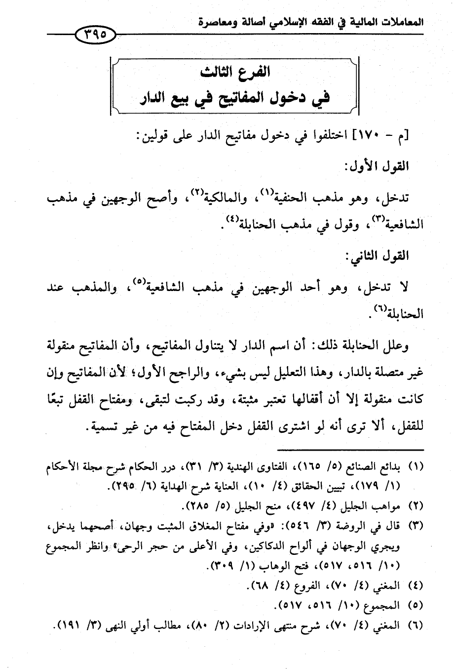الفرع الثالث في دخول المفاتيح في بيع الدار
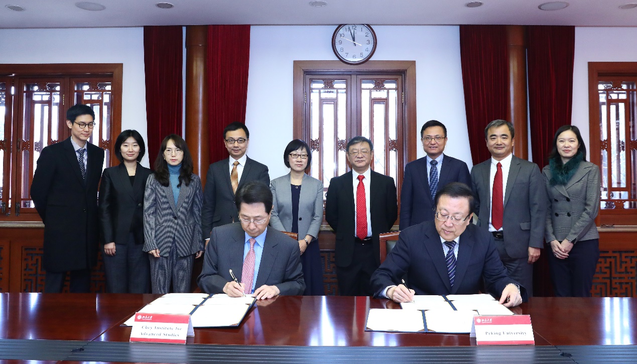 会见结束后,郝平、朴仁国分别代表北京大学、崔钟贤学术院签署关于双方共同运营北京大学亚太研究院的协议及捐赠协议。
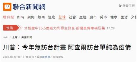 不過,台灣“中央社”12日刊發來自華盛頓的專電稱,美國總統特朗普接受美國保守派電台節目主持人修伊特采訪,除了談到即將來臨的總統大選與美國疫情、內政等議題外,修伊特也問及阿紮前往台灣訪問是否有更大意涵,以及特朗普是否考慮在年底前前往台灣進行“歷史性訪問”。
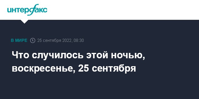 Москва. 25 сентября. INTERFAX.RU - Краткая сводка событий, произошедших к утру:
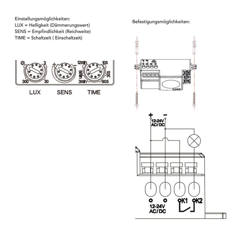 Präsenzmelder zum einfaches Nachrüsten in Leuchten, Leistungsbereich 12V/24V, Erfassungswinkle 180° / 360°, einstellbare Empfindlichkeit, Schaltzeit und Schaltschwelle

※ ※ ※

*What you have to do:* Your copy should hold only the lines from the one containing "Москва. 25 сентября." through the last line of the listing, both included, retyped exactly and free of pictures.

*Exercise solution:*
 Москва. 25 сентября. INTERFAX.RU - Краткая сводка событий, произошедших к утру:
 Präsenzmelder zum einfaches Nachrüsten in Leuchten, Leistungsbereich 12V/24V, Erfassungswinkle 180° / 360°, einstellbare Empfindlichkeit, Schaltzeit und Schaltschwelle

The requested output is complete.